Eudora Welty (1901-2001) was born in Jackson, Mississippi, and attended college in Mississippi, Wisconsin, and New York. She joined the Works Progress Administration as publicity agent and documented Mississippians in more than 1,200 photographs. Ms. Welty's first book of stories, A Curtain of Green, appeared in 1941, followed quickly by The Robber Bridegroom (1942) and The Wide Net (1943). She produced three more short fiction collections, including The Ponder Heart (1954). Ms. Welty also published three novels, Delta Wedding (1946), Losing Battles (1970), and The Optimist's Daughter (1972), the last of which won the Pulitzer Prize. Her autobiography, One Writer's Beginnings (1984), is considered a literary classic.

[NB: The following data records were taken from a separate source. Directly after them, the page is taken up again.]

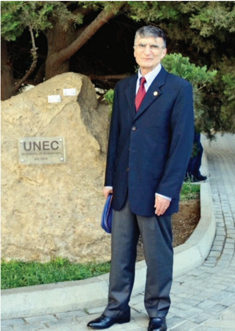
1946-cı ilin 8 sentyabrında Türkiyə Respublikasının Mardin vilayətinin Savur mahalında dünyaya göz açan Aziz Sancar ailesi və yaxınlarından başqa kimsə tanımasa da, indi bütün dünya onun şəxsiyyətini dorin ehtiramla xatırlamaqdadır. Çünki onun həyat yolu bir çox insan üçün həm də əzmkarlıq və uğur hekayəsidir. Bu hekayəyə bələd olanlar isə Aziz Sancarın qazandığı nailiyyətlərinin heç də təsadüfi olmadığını, pərdə arxasında böyük zəhmətin və elmə olan sevginin dayandığına əmindirlər.

Aziz Sancarın həyatı və Nobeledən gələn hekayəsi elə özünün dediyi kimi, gəncləri elmə təşviq etmək, "mümkünsüzü mümkün etmək" amalı daşıyır. Hər çıxışında türk dünyasına olan sevgisini dilə gətirən, vətəneverliyi və milli təsəbbüslərinə qayd edən elm fədasinin yeni-yeni nailiyyətləri imza atacağı, gəncləri elm yolunda yetişdirməkdə davam edəcəyi aşkardır.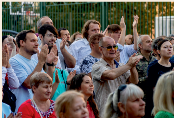
Пели, радовались и праздновали жизнь всем округом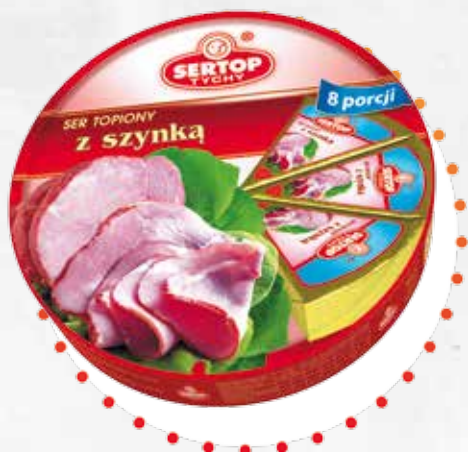
Z szynką | With ham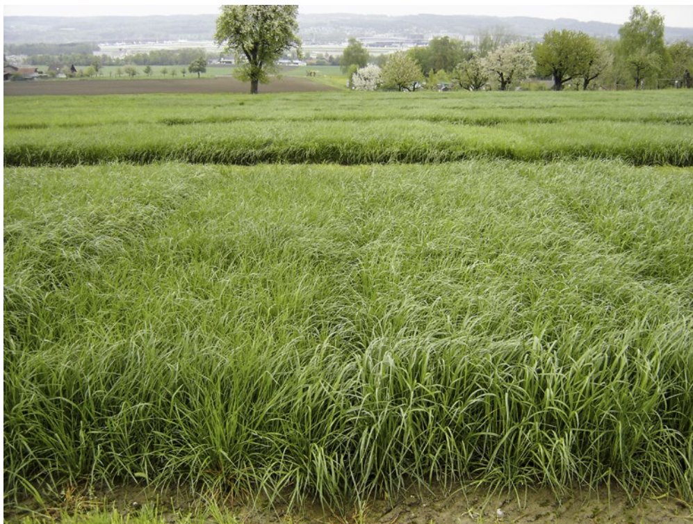
Figure 3 | Essai avec du ray-grass hybride en première repousse après l'hiver.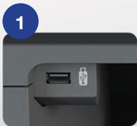
USB 다이렉트 인쇄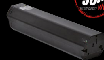
BATTERIA 900 / BATTERY 900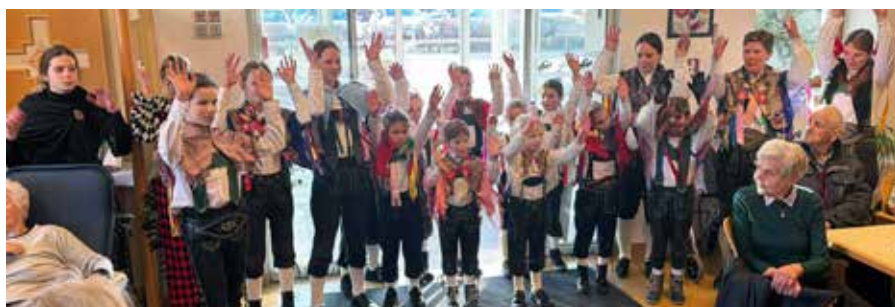
Besuch im Heim St. Martin

Tom Wolfe, author of such critically acclaimed fiction as A Man in Full and Bonfire of the Vanities, as well as the definitive history of the birth of America's manned space program, The Right Stuff, will discuss the writings of Truman Capote.

Elizabeth Spencer, best known for her collections of short stories and her novella A Light in the Piazza, will discuss the work of Eudora Welty.

Bret Lott, author, writer-in-residence and professor of English at the College of Charleston, will discuss the work of Flannery O'Connor. Mr. Lott will become editor of the Southern Review at Louisiana State University in fall 2004.

The program also included dramatic readings by Noel True, Edward Gero, and Felicia Knight, and musical performances by Eric Reed and Paula West.

The White House Salute to America's Authors series was created by Mrs. Bush to honor some of the most significant contributors to American literature. The series brings together writers, scholars, artists, and high school students to gain new insights into the nation's important writers. The Library of Congress provides displays of first editions by the selected authors, as well as photographs and other relevant artifacts.

The inaugural symposium, held in November of 2001, celebrated the quintessential American author, Mark Twain. The second, held in March of 2002, focused on the writers of the Harlem Renaissance, including Langston Hughes, Countee Cullen, and Zora Neale Hurston. In September of 2002, the series celebrated three women of the American West: Willa Cather, Edna Ferber, and Laura Ingalls Wilder.